Saved data entries:

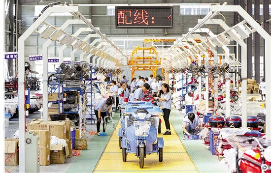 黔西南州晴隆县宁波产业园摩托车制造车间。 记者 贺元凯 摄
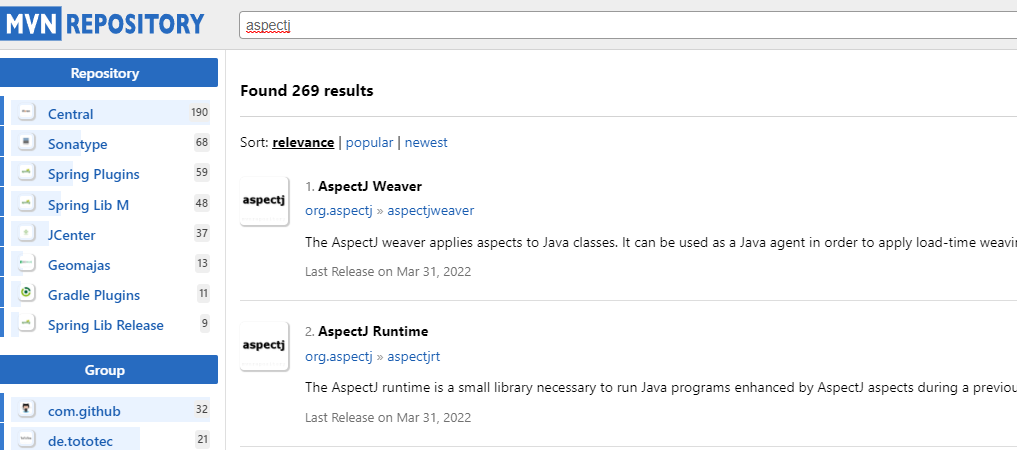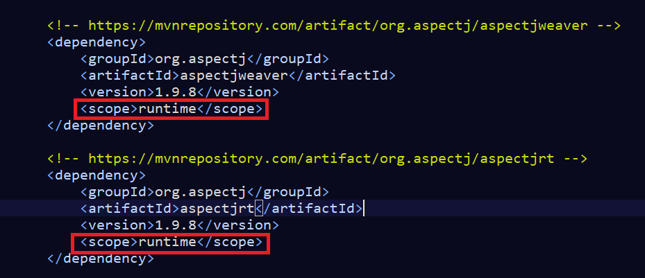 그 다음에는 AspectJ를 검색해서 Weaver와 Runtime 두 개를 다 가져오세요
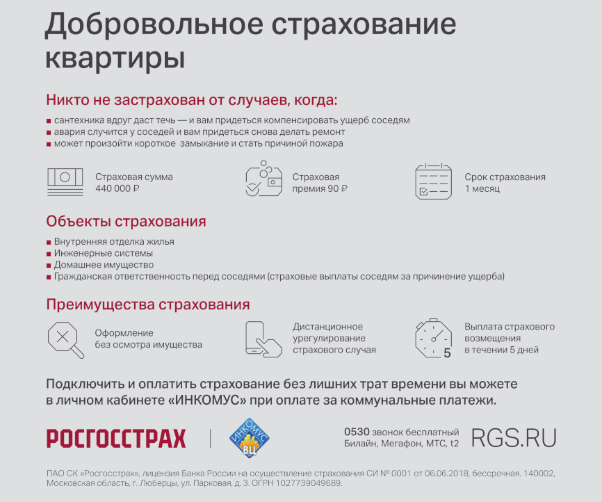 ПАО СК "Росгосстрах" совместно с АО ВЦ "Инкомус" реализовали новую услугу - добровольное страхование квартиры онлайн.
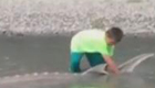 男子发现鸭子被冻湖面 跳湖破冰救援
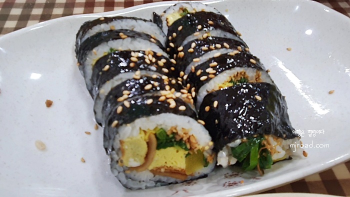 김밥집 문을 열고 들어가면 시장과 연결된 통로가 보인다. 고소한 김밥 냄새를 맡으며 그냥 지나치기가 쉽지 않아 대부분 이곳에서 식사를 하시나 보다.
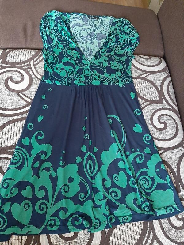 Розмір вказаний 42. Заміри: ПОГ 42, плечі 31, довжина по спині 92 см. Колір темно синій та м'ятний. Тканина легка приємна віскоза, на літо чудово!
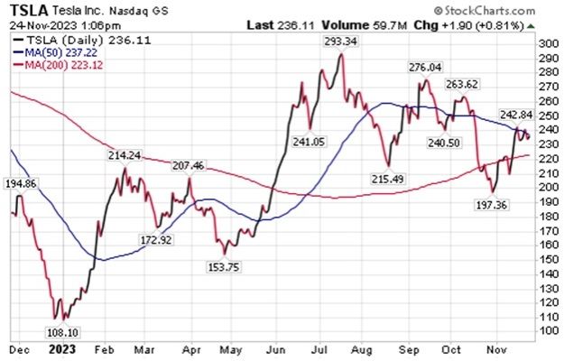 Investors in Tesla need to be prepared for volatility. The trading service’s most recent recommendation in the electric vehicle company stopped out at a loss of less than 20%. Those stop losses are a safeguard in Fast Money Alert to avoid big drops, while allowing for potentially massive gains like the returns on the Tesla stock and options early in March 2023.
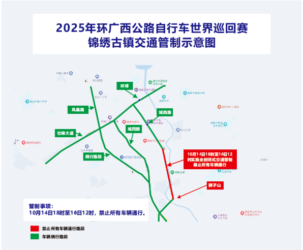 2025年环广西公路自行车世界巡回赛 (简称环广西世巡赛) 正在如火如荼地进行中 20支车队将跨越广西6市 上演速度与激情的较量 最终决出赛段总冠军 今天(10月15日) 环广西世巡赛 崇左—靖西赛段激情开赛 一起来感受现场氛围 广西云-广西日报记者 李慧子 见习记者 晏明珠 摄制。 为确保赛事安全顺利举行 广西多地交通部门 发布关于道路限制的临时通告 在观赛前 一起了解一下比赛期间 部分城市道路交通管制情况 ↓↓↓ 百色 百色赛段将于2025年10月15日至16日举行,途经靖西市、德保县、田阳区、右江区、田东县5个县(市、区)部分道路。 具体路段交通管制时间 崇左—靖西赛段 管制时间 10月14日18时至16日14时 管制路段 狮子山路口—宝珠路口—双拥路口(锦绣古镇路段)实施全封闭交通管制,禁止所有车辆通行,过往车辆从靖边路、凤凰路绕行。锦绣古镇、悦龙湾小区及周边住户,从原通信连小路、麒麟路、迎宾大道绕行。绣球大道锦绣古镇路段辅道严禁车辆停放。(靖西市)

Exercise objective:
What should come back is an exact copy of the lines above from the line with "男子发现鸭子被冻湖面 跳湖破冰救援" to the line with "Розмір вказаний 42.", both included, minus the pictures.

Exercise output:
 男子发现鸭子被冻湖面 跳湖破冰救援
 김밥집 문을 열고 들어가면 시장과 연결된 통로가 보인다. 고소한 김밥 냄새를 맡으며 그냥 지나치기가 쉽지 않아 대부분 이곳에서 식사를 하시나 보다.
 Розмір вказаний 42. Заміри: ПОГ 42, плечі 31, довжина по спині 92 см. Колір темно синій та м'ятний. Тканина легка приємна віскоза, на літо чудово!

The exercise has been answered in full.